The three main myths concerning the FTX hack are dispelled by crypto sleuth

https://thecryptostar.co/?p=18756

ZachXBT, a blockchain investigator, has presented proof disproving previous rumors regarding the identity of the FTX hacker and their alleged memecoin behavior.

On-chain investigator ZachXBT addressed a “lot of disinformation” regarding the incident and the potential offenders on Twitter by outlining what he believes to be the three most widespread misconceptions about the FTX breach.

The self-described “on-chain sleuth” dispelled rumors that Bahamian officials were behind the FTX attack, that exchanges knew the hacker’s real name, and that the culprit is trading memecoins in a lengthy message on Twitter on November 20.

On November 11, the same day that FTX declared bankruptcy, the crypto community started to raise red flags about suspicious activity on FTX-related wallets, with more than $650 million moving out of the wallet.

Despite the fact that no one has been officially blamed, some speculated that the Securities Commission of the Bahamas (SCB), which issued a statement on November 17 claiming to have ordered the transfer of all FTX’s digital assets to a digital wallet it owned at the time, was responsible for the alleged “hack.”

Because it “began selling tokens for ETH, DAI, and BNB and using a number of bridges so crypto couldn’t be frozen on 11/12,” according to ZachXBT, the “0x59” wallet address linked to the hacker was a blackhat address and not connected to either the FTX team or the SCB.

He continued, “The behavior of 0x59 was significantly different from the other addresses who withdrew from FTX and sent to a multisig on chains like Eth or Tron. 0x59 was dumping tokens and bridging occasionally.

Additionally, Zach notes that the blackhat wallet communicated with 0x24, a wallet that he claims “has highly [suspect] behavior on-chain using dubious services.”

“This action totally contradicts what was reported about the Debtors putting assets to cold storage or the Bahamian government sending assets to Fireblocks,” the author writes.

The wallet address that sold Ether for $1,127 for renBTC and then used RenBridge, according to ZachXBT, was his last piece of information. He believes that this transaction will most likely result in money being sent to “a mixer at some point in the future.”

In an article published on Nov. 20, the blockchain analytics company Chainalysis reached a similar result, stating that:

“It is untrue that the money taken from FTX was really sent to the Bahamas Securities Commission. While other payments were sent to the regulators, some were stolen.

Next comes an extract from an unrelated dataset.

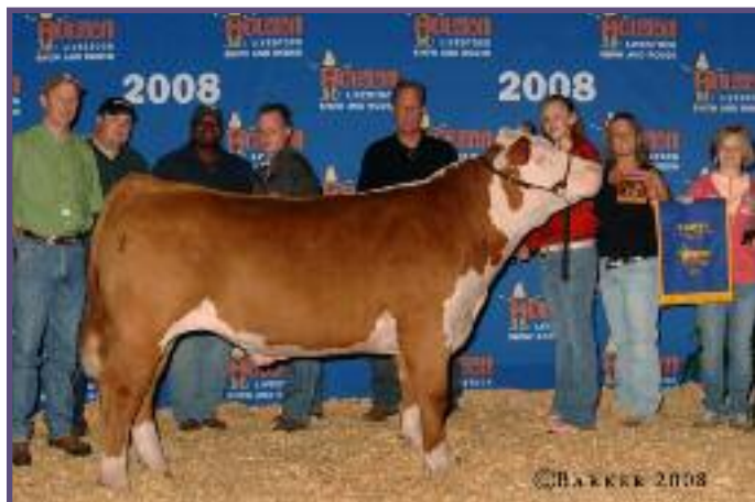
BH 3011 x Donor 2290

In response to the latest fund transfers, FTX posted a notice to exchanges informing them that “certain funds transferred from FTX Global and connected creditors without authorisation on 11/11/22 are being transferred to them through intermediary wallets.”

The risk for misrepresentation surrounding the assertion that the hacker’s identity had been revealed by “Kraken or other exchanges” was also brought up by ZachXBT.

Since Kraken’s top security officer stated in a post on November 12 that “We know the identity of the user,” the myth has been spreading.

According to Zach, the FTX group was probably merely utilizing Kraken to secure funds to a multi-signature wallet on Tron because the FTX hot wallet was running out of gas for transactions. Zach says:

Ryne Miller (FTX GC) has previously said that the withdrawals to these multisigs were consistent with that. This happened several hours after the first 0x59 withdrawals.

Related: Thief transfers thousands of ETH into Bitcoin, moving FTX funds.

ZachXBT addressed the FTX hacker swapping memecoins rumor, which was first brought forward by blockchain analytics company CertiK, as his final point.

Instead, the blockchain investigator contends that the transfers were “spoofed” on the Ethereum network, citing a blog post from Harith Kamarul of the Etherscan community from March that described how transactions can be faked.